(Beginning of Recorded information)

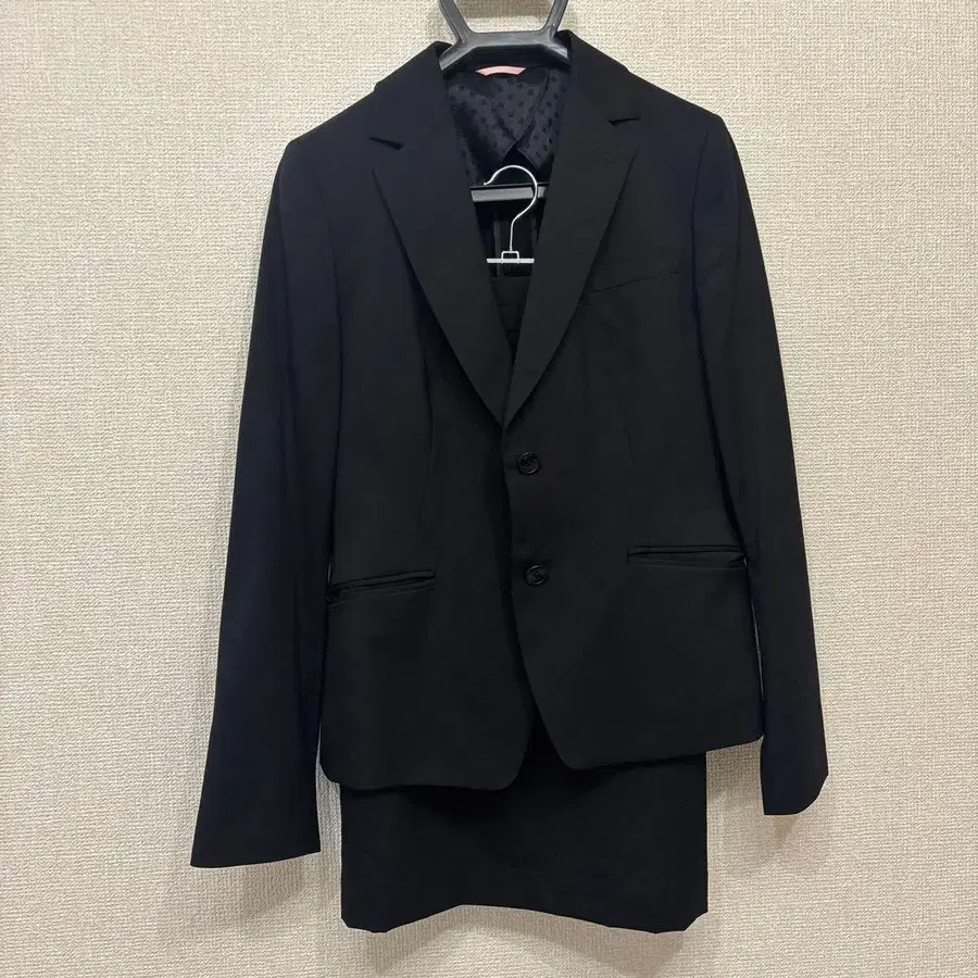 블랙 자켓과 스커트 세트의 여성용 취업 정장입니다.
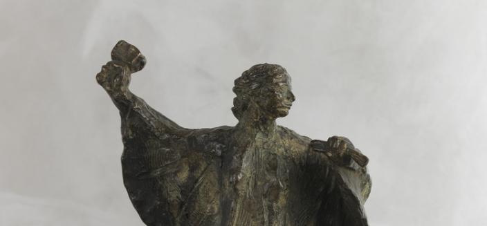 Jusqu’à la fin du 19e siècle, la sculpture – art salissant, physique et technique –, était considéré comme un art ne pouvant être pratiqué que par des hommes, à de très rares exceptions près. La représentation de sculptrices est donc particulièrement inhabituelle. Alors qu’elle est encore l’élève de Bourdelle, Cléopâtre Sévastos devient le modèle de trois œuvres qui affirment son statut de sculptrice : Femme sculpteur au repos, Femme sculpteur au travail et Femme au compas. Conçues comme une série, ces variations dévoilent trois moments successifs de la création et des outils associés : maillet ou massette, pointe et compas. Loin de cantonner Cléopâtre Sévastos à un rôle de muse, Bourdelle signe une œuvre où la jeune femme engage son corps et affirme le geste puissant de la création par ses bras largement ouverts. Pas d’allégorie, ni de mythe : aucune ambigüité sur l’identité de la jeune femme, dont on reconnait les cheveux tressés et le vêtement, un large châle tricoté blanc qu’elle porte pour dégrossir le marbre.
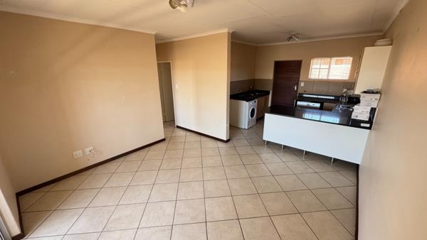 Discover comfortable living in this modern 2-bedroom, 1-bathroom apartment within a sought-after security estate in Mooikloof Ridge, Pretoria. Spanning 80 sqm, this well-appointed unit features an inviting open-plan living area seamlessly connecting to a contemporary kitchen. The kitchen boasts light wood-look upper cabinets, cream lower cabinetry, and sleek black granite countertops, complemented by a built-in stove, oven, double sink, breakfast bar, and dedicated laundry spaces.

(End of Recorded information)

**Assigned task:** Your answer must be an exact copy of the listing, minus its pictures.

**Response below:**
 블랙 자켓과 스커트 세트의 여성용 취업 정장입니다.
 Jusqu’à la fin du 19e siècle, la sculpture – art salissant, physique et technique –, était considéré comme un art ne pouvant être pratiqué que par des hommes, à de très rares exceptions près. La représentation de sculptrices est donc particulièrement inhabituelle. Alors qu’elle est encore l’élève de Bourdelle, Cléopâtre Sévastos devient le modèle de trois œuvres qui affirment son statut de sculptrice : Femme sculpteur au repos, Femme sculpteur au travail et Femme au compas. Conçues comme une série, ces variations dévoilent trois moments successifs de la création et des outils associés : maillet ou massette, pointe et compas. Loin de cantonner Cléopâtre Sévastos à un rôle de muse, Bourdelle signe une œuvre où la jeune femme engage son corps et affirme le geste puissant de la création par ses bras largement ouverts. Pas d’allégorie, ni de mythe : aucune ambigüité sur l’identité de la jeune femme, dont on reconnait les cheveux tressés et le vêtement, un large châle tricoté blanc qu’elle porte pour dégrossir le marbre.
 Discover comfortable living in this modern 2-bedroom, 1-bathroom apartment within a sought-after security estate in Mooikloof Ridge, Pretoria. Spanning 80 sqm, this well-appointed unit features an inviting open-plan living area seamlessly connecting to a contemporary kitchen. The kitchen boasts light wood-look upper cabinets, cream lower cabinetry, and sleek black granite countertops, complemented by a built-in stove, oven, double sink, breakfast bar, and dedicated laundry spaces.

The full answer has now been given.